In terms of power alone I get the owner is more like a deity. Does my cat view me as having a bunch of power? I know she gets I’m larger than her and a potential danger. I’m sure she also struggles to figure out how to interpret my behavior at times. She works to communicate with me and get me do do what she wants (meowing, purring, rubbing against me at times when food is conveniently involved). She knows that much comes from me: the wand only seems to fly when I’m around, I dispense food and treats-frustratingly not on command. I want to protect her, make sure she feels safe, keep her stimulated, and I want her to be healthy. So, fairly parental in feeling. Which fits with much of my relationship with God that I do feel it is quite parental in nature. In terms of her rights and privileges I consider her to be equal in deserving of respect. This means I do not get to touch her whenever I want or how I would like to touch her. I do not get to fall asleep with a ball of fur and purrs next to me. At least not yet. When leaving the door open to air out the apartment freaked her out significantly I closed the door. I have the power to change the environment in which she lives.

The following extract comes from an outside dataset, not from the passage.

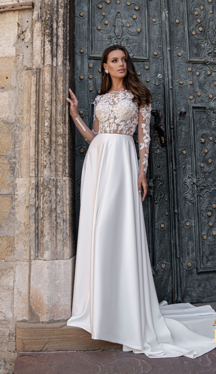 Ρομαντικό νυφικό με αποσπώμενο ολόσωμο τούλι .Στο επάνω μέρος έχει διαφάνεια με κεντητά εντυπωσιακά σχέδια.Στην πλάτη κάνει V. Διαθέτει αποσπώμενο ολόσωμο τούλι με ουρά που δίνει στο νυφικό μια ρομαντική διάθεση. Ιδανικό για πολιτικό και θρησκευτικό γάμο. Κανονική εφαρμογή

But to think that she views me with the awe that people generally view deities with I think would be inaccurate. To think that she understands things like that fact that I have the ability to utterly change her environment is a bit of a stretch. I mean, I have done that. I closed the door when she walked into my apartment. And she did not like that at all. Gave me a demanding, angry, meow at the door that I’m sure would translate along the lines of “Open it back up right now!” (I resisted a pun there, you are welcome). Ironically, now she is terrified of the outdoors. I have forced and tricked her into her crate multiple times for visits to the humane society and the vets office. But I don’t think many animals have the capacity to understand how another creature may affect their environment, let alone few creatures are able to exert significant change on their environment.

Basically the longer I contemplated it the more I saw some overlap between that of God/devotee and owner/pet. They are not the same in many ways of course. But there are some similarities. A connection formed with varying amounts of choice and enthusiasm. A connection between two different beings. A power dynamic that is not equal. A good relationship involves the development of trust and respect between both parties. This is done by the actions of both sides. Attempts from both sides to communicate clearly. Events that seem scary or possibly harmful but that have larger picture implications (having to repeat classes, vet visits, unhooking stuck claws, COVID). Implications which may never be comprehensible by one party (me with God or the cat with me).